Even if a party-run process is fantastic, it simply would not command confidence, and it was clear in the views expressed to me by colleagues, from my conversations with Members from other parties and from the representatives of our staff who came to see me that a House process covering all Members of Parliament on a cross-party basis would be the best way to proceed. We started to set some of those processes in train, and it was to my disappointment that the European Union referendum intervened and terminated the career of David Cameron and, indeed, my career in government and that we were unable to bring those processes to fruition.
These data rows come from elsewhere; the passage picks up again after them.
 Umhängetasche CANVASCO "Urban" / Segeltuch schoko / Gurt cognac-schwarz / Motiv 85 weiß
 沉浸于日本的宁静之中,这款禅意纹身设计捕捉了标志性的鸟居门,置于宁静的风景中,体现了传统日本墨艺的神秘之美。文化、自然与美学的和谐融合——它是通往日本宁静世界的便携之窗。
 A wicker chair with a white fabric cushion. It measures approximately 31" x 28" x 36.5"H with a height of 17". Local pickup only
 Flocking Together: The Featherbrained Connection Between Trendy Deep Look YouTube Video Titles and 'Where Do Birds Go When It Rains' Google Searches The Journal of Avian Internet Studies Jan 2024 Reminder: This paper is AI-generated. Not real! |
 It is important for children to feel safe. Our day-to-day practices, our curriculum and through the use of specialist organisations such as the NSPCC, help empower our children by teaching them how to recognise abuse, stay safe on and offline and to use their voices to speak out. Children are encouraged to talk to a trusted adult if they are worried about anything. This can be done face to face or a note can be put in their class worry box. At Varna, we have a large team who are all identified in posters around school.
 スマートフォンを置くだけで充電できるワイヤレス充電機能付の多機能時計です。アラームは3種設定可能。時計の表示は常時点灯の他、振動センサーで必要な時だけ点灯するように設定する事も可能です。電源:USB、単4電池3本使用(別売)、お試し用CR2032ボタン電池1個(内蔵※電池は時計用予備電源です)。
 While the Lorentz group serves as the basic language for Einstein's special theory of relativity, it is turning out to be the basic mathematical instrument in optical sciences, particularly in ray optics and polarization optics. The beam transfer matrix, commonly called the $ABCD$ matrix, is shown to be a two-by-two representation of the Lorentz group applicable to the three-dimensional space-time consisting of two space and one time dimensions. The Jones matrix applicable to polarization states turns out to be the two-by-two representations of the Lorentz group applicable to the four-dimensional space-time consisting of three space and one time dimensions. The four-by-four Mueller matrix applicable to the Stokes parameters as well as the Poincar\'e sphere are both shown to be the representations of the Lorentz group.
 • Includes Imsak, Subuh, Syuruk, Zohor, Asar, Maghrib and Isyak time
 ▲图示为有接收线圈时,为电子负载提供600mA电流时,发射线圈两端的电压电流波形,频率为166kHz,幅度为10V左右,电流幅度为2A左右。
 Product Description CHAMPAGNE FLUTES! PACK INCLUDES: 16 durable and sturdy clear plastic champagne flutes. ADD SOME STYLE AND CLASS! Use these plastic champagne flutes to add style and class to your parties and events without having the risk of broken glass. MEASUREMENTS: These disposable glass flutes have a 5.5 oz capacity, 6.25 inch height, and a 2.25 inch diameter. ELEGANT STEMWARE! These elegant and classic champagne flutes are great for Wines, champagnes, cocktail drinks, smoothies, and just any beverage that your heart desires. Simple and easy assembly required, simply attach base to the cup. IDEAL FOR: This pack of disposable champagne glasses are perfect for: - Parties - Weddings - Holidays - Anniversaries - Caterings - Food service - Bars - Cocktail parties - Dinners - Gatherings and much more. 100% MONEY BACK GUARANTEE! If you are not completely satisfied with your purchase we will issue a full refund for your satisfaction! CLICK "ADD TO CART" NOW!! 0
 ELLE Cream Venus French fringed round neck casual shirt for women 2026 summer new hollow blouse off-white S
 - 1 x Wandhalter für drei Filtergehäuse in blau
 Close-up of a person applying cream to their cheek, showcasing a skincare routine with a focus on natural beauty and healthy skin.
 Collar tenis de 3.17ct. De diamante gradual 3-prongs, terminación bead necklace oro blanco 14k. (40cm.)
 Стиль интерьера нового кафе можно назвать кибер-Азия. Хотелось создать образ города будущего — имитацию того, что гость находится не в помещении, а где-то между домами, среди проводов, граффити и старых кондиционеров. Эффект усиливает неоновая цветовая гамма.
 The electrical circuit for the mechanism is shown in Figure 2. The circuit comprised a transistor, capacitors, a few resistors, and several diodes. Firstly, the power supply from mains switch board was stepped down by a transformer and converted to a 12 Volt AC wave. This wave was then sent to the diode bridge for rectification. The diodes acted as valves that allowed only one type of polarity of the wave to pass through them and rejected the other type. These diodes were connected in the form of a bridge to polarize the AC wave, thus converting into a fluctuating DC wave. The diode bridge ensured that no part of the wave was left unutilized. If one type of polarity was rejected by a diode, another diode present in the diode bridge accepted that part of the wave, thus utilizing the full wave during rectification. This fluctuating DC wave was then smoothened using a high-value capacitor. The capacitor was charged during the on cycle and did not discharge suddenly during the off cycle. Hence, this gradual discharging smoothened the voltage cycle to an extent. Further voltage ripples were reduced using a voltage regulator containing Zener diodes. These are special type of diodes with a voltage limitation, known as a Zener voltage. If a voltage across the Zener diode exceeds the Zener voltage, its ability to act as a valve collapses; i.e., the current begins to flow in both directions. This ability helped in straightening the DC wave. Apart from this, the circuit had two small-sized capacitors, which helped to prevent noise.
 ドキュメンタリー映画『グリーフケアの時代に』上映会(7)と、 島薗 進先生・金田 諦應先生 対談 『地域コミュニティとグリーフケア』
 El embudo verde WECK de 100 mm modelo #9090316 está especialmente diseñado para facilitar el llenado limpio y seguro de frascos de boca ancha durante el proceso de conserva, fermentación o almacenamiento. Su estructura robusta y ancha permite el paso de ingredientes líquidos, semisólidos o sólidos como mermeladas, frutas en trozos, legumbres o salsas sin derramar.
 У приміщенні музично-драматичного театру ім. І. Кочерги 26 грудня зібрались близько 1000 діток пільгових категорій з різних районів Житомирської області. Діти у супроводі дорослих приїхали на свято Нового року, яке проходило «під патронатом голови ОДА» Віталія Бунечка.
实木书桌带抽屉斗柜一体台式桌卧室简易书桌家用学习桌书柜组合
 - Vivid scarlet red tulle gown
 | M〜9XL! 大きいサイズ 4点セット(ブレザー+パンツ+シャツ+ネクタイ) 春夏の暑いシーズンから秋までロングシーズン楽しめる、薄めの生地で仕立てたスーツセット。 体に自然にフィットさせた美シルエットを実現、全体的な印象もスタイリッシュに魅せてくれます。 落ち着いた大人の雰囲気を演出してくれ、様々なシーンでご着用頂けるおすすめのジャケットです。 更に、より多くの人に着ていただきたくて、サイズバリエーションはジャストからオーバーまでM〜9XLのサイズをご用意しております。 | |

I was therefore very pleased—although not about why the Leader of the House had to put these processes in place—that she responded so strongly to the events that took place last year, both in Parliament and outside it. I was very pleased that the processes were put in train on a cross-party basis and that all parties took part. I am also pleased that we have come up with such a comprehensive report, which I have taken the trouble to study. I think that it will be a step forward.
Before I move on, I put on the record my thanks to my right hon. Friend the Minister for Apprenticeships and Skills, who served as my deputy when I was Government Chief Whip. She would be too modest to say this herself, but while working with me, she led on many of these issues in that office. Government and, I think, Opposition colleagues know that she takes these matters very seriously. When she responded at the Dispatch Box to an urgent question—I think it was the one in response to the events at the Presidents Club—she made it very clear what her views were and how strongly she feels about these matters. I wanted to ensure that my thanks to her were on the record for the work she did as Deputy Chief Whip.
Although it is clear from the things that have been talked about publicly and from the responses to the survey that the hon. Member for Perth and North Perthshire mentioned that bullying and harassment can affect all members of staff, it affects female members of staff more severely than others. If we are to get more women to be Members of Parliament and to work in this House and be treated as equals, it is incredibly important to deal with this issue. Having taken up a position as co-chair of Women2Win, which tries to get more women to be Conservative Members of Parliament, I strongly support our taking further steps in this area, because it will encourage more women to be Members of Parliament.
I want to say a word or two about fairness. When the report was produced, there was some comment outside the House about the proposals meaning that the investigation of disciplinary matters would take place in private, without everything being published. That is like most workplaces. In most workplaces, when somebody makes a complaint about another employee, those matters are not published in national newspapers. I have always thought in this House—this was true when we were going through the difficulties with expenses—that a very good test is for Members of Parliament to be judged at least by the standards that we expect of everybody else. A good test is that the processes that we use to look at complaints about bullying and harassment should be the same sort of processes that exist in modern, up to the minute, leading workplaces. In those workplaces, one would not expect everything to be published in a national newspaper.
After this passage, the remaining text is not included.